Выбрать главу

Виталий Серафимович не мог отказаться выполнять служебный долг. Пришлось ехать, так и не выяснив достоверность подозрений, хотя… на этот раз он был уверен, что имеет дело не с сиюминутным увлечением жены, как минимум с серьёзной влюблённостью.

Поведение супруги выходило за рамки мимолётной влюблённости.

Бессовестный разврат начался сразу после отъезда. Нашёлся доброхот, пославший Виталию пару не очень чётких снимков, на которых были хорошо видны голые тела и искажённое наслаждением Зойкино лицо, выглядывающее из-за мужского плеча. Было подозрение, что это могла состряпать (но зачем?) жена анонимного любовника.
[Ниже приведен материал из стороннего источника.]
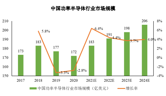 目前国内功率半导体产业链正在日趋完善,技术也正在取得突破。同时根据Omdia 统计,中国也是全球最大的功率半导体消费国,2019 年市场规模达到 177亿美元,占全球市场比例高达 38%。预计未来中国功率半导体将继续保持平稳增长,2024 年市场规模有望达到 206 亿美元。

Лучше бы он этого не видел.

Если бы в момент идентификации действующих лиц рядом не находилась Ирина Леонидовна, главный экономист филиала, Виталий Серафимович запросто мог бы выйти в окно девятого этажа офисного здания, чтобы раствориться в нематериальной среде.

Ему поплохело: перед глазами восьмёрками кружились разноцветные мушки, голова гудела как соборный колокол, возвещающий Благовест.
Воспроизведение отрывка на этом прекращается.